— EXERCISE INSTRUCTIONS —
From the material below, return exactly the lines starting at the one that holds "L.L. Bean Men's" and ending at the one that holds "Blue Vanilla Teal". Pictures stay out of the answer.

— THE RECORDS —
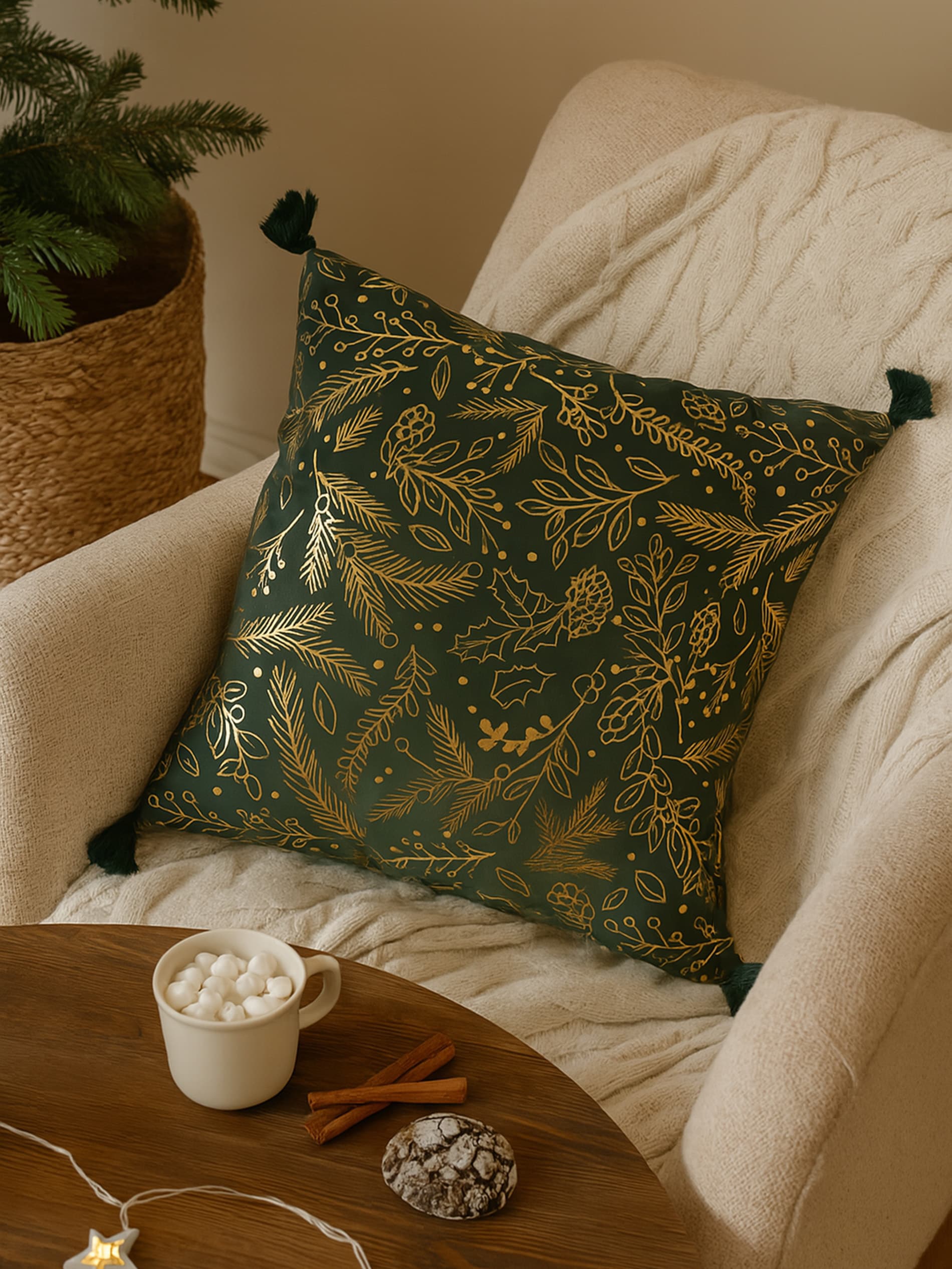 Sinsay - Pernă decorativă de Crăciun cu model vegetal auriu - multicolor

--

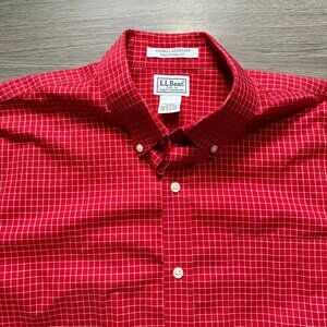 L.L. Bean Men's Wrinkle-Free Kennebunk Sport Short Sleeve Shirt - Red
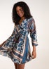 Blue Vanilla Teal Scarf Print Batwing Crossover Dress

* * *

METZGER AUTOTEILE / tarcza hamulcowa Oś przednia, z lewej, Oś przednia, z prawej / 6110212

— SOLUTION —
 L.L. Bean Men's Wrinkle-Free Kennebunk Sport Short Sleeve Shirt - Red
 Blue Vanilla Teal Scarf Print Batwing Crossover Dress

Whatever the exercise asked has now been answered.